Chatham /ˈætəm/ is a village in Columbia County, New York, United States. The population was 1,770 at the 2010 census.

The village of Chatham is on the border between the towns of Chatham and Ghent. The village is at the junction of Routes 66 and 203.

History

The village was incorporated in 1869. Chatham was originally named Groats Corners. The village is the home of the 1814 Blinn-Pulver Farmhouse.

Chatham hosts a variety of attractions, such as the Crandell Theater, which shows many popular movies at very reasonable prices. The Mac-Hadyn Theater is a summer stock theater, active from May through September, that puts on Broadway-style shows. The famous stage and film actor Nathan Lane was part of their company at one time.

The Tracy Memorial Village Hall Complex and Union Station are listed on the National Register of Historic Places.

Geography

Chatham is located at Lua error in package.lua at line 80: module 'Module:mw' not found. (42.36207, -73.599686). The northern half of the village, and the central business area, is in the town of Chatham, while the southern half is in the town of Ghent.

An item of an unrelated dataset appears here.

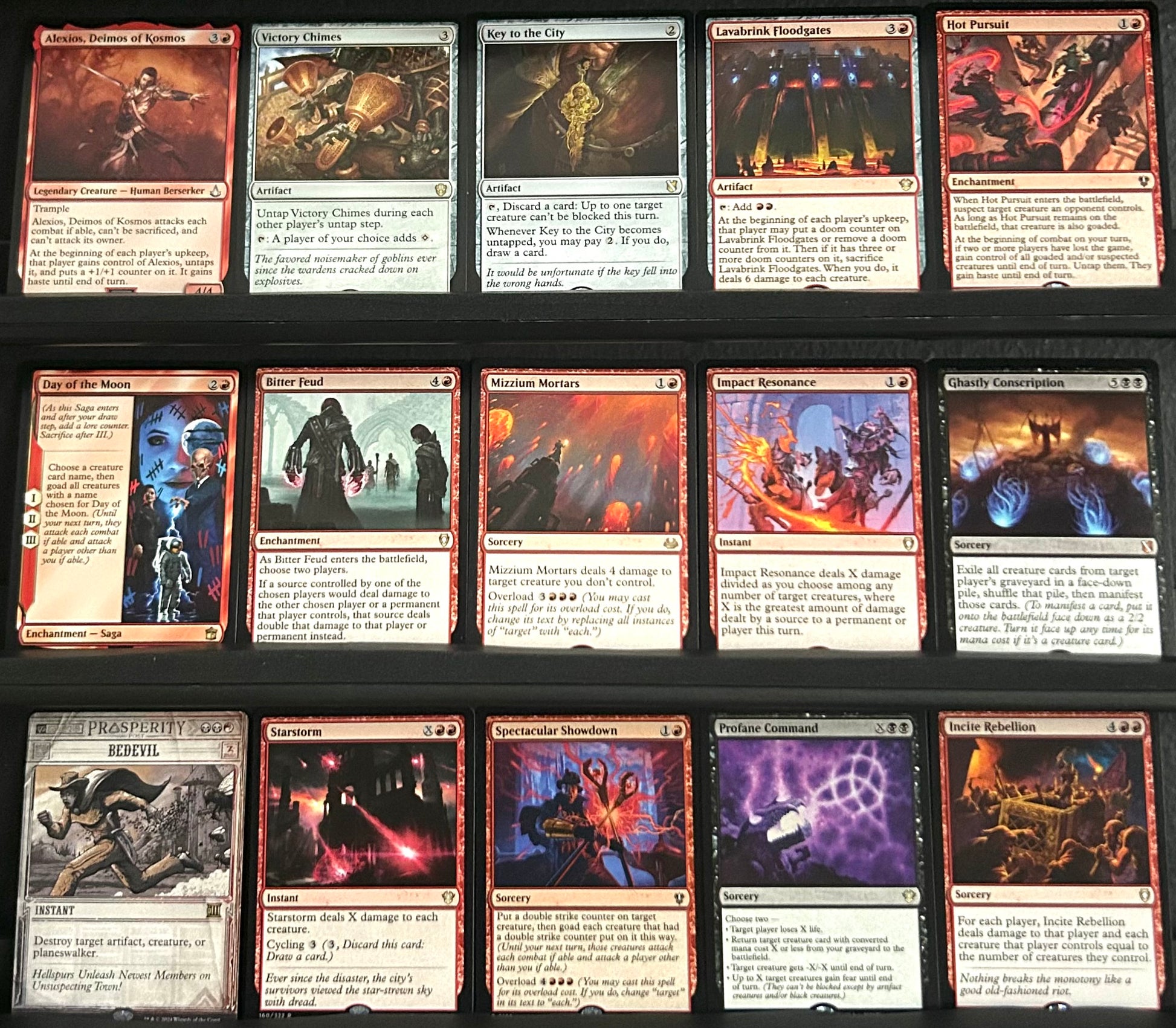 Chain Reaction, Storm's Wrath, and Mizzium Mortars sweep away any armies foolish enough to oppose you

According to the United States Census Bureau, the village has a total area of 1.2 square miles (3.2 km2), of which 0.004 square miles (0.01 km2), or 0.34%, is water. The village is located on Stony Kill, a waterway that makes a U-shaped bend through the village and flows north to Kinderhook Creek, a tributary of the Hudson River.

Demographics

Historical population
Census Pop.
1870 1,387
1880 1,765 27.3%
1890 1,912 8.3%
1900 2,018 5.5%
1910 2,251 11.5%
1920 2,710 20.4%
1930 2,424 −10.6%
1940 2,254 −7.0%
1950 2,304 2.2%
1960 2,426 5.3%
1970 2,239 −7.7%
1980 2,001 −10.6%
1990 1,920 −4.0%
2000 1,758 −8.4%
2010 1,770 0.7%
Est. 2015 1,696 −4.2%
U.S. Decennial Census

As of the census of 2000, there were 1,758 people, 742 households, and 425 families residing in the village. The population density was 1,492.0 people per square mile (575.2/km²). There were 802 housing units at an average density of 680.7 per square mile (262.4/km²). The racial makeup of the village was 94.03% White, 3.07% Black or African American, 0.34% Native American, 0.40% Asian, 0.11% Pacific Islander, 0.17% from other races, and 1.88% from two or more races. Hispanic or Latino of any race were 1.65% of the population.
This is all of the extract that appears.